Namely one other thing. Namely Tri Fitzpatrick. The boy that A. A. had known forever, her video-game
buddy. The boy who was the cutest (and shortest) seventh grader at Gregory Hall. The boy who was supposed to be crushing on her, not on Ashley. Not that she was interested in him, so why did it bother her so much that he’d finally found someone who returned his affections?
“Anyway, Lauren’s old news. Everyone’s talking about something else now,” A. A. told her mother. “At the beginning of this week, the weirdest thing happened.”
“There’s this new blog,” Lili chimed in, her voice as animated as her face. “Nobody knows who’s behind it!”
“But it’s someone at our school, that much is obvious.” A. A. pulled off her cashmere socks and wriggled her bare toes.
“It’s like Snapchat,” Lili added breathlessly. “You have to check it every day, or every hour, or every five minutes!”
“Everyone’s saying we’re the ones who did it, but it’s not true,” A. A. said, looking at Lili, who shook her head vehemently.
“What are you girls talking about?” Jeanine asked, emptying her giant makeup bag onto the polished wood floor and grabbing a Chanel nail polish bottle before it rolled away.
“It’s called AshleyRank,” A. A. explained. “That’s why everyone thinks the Ashleys started it.”
“All the seventh-grade girls are ranked according to how cute and popular they are. Totally addictive. You know,” Lili smirked, “like watching Shark Week. A feeding frenzy. Who gets to rule the ocean—or in this case, seventh grade.” She reached into her beige Proenza bag and retrieved her BlackBerry, frowning a little as she tapped on the miniature screen. “Here it is. AshleyRank, one through thirty-six.
“Cass Franklin is number thirty-six,” Lili said, her voice full of pity and condescension. She didn’t have to check the blog again because she’d already memorized the key details.

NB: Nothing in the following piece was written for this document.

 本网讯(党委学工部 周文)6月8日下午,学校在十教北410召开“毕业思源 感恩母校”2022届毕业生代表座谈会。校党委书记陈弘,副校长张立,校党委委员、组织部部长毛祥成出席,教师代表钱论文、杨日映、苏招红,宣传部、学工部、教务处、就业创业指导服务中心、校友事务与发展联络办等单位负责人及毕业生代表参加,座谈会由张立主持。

“That’s the girl I told you about,” A. A. said to her mom. “The one who should be living in a plastic bubble. She has to keep an oxygen tank in her bag in case of emergency.”
Jeannine looked concerned. “How awful!”
“Yeah. It’s social death,” Lili added.
A. A. laughed, then felt a little bad about laughing.

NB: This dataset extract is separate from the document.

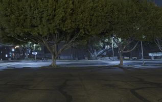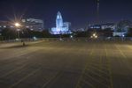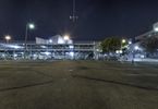 A nighttime view of an empty parking lot in Los Angeles. The modern architecture of the surrounding buildings is illuminated by bright lights, creating a futuristic cityscape. The clear sky contrasts with the dark surroundings.

“More to the point,” continued Lili, who looked a bit impatient, “the Ashleys hold the top three spots. That’s why everyone thinks we came up with this.”
“And you’re sure you didn’t?” Jeanine sounded amused.
“I know I didn’t,” said A. A.
“I certainly didn’t.” Lili was indignant, and A. A. knew why: Lili was the number three Ashley, behind A. A. and, at number one, the universally acknowledged Queen Bee of Miss Gamble’s herself, Ashley Spencer.
The intercom chimed, and the front desk clerk announced another guest. A. A. told him to let her in: It was Ashley, arriving for her share of the South American fashion loot. The girl must have ESP. Jeanine was about to open the next suitcase and start pulling out fabulous clothes for her daughter to try on. Anything A. A. didn’t want, Lili and Ashley could grab, and it was always funny watching them fight over A. A.’s leftovers.
The private elevator that opened directly into the apartment dinged.
“Hey, Ash, right on time as usual,” A. A. called, looking up with a grin that soon disappeared from her pretty face.
Because when the elevator doors opened, and Ashley—cool, blond, and stylishly dressed, as usual—strolled in, she wasn’t alone. Holding her hand in the most lame and embarrassing way, and gazing up at her with adoring puppy-dog eyes, as though they were actually, yuckily, in love, was Tri Fitzpatrick.